芦屋芸術|同人誌・現代詩・小説

シャーデヴァルトの「星のギリシア神話」

 おそらく今から四千年前か、あるいは三千年前か、無学なボクには判然しないが、人々は農耕や狩猟によって生活していただろう。いつのことかもう定かではないが、人は共同して生活し、たがいに助けあいながら労働によってそれぞれの人生をまっとうしていただろう。そして、その中からとりわけすぐれた人が出現し、その共同体を救済した。この時代、彼を人々は英雄と呼んだ。英雄はゼウスを中心とした神々に恵まれた人だった。彼は死して、天に昇り、星となった。

 「星のギリシア神話」 シャーデヴァルト著 河原忠彦訳 白水社 1966年5月10日第6版

 年末にこの本を読んだ。年の瀬にふさわしい本だった。
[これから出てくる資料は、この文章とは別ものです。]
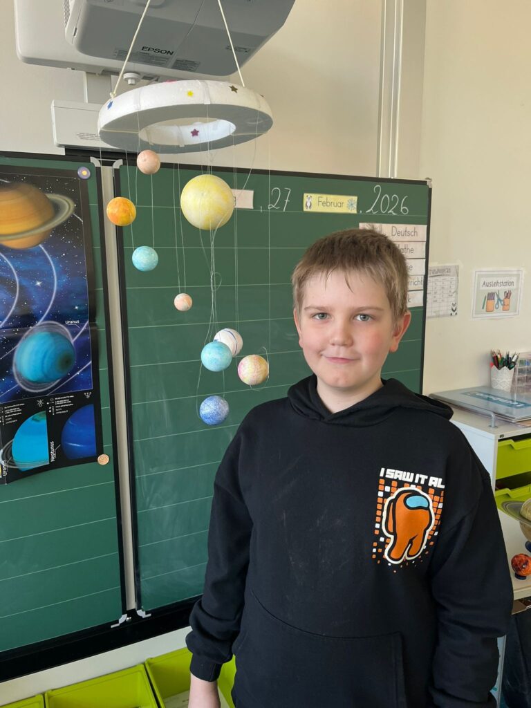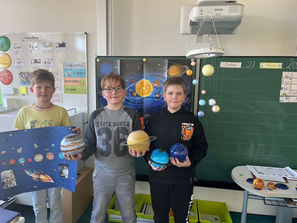 Drei Kinder aus der 4a haben sich freiwillig dazu entschieden, außerhalb des Unterrichts eine Präsentation zum Thema Planeten und Sonnensystem vorzubereiten. Damit abgeprüft werden konnte, ob wir alle gut aufgepasst haben, musste danach noch ein kleines Quiz absolviert werden. Danke für diese tolle Präsentation und die gute Vorbereitung.

人間の禍福、喜びと悲惨、古代ギリシアの人々の真実の物語が、夜空にちりばめられている。
 今、ここで、悲しんでいる人々、悩みに打ちひしがれている人々は、ほんのひととき、夜空を見あげて、ボクラギリシアの心の真実の物語を楽しんでください、さながらそのように語りかけながら。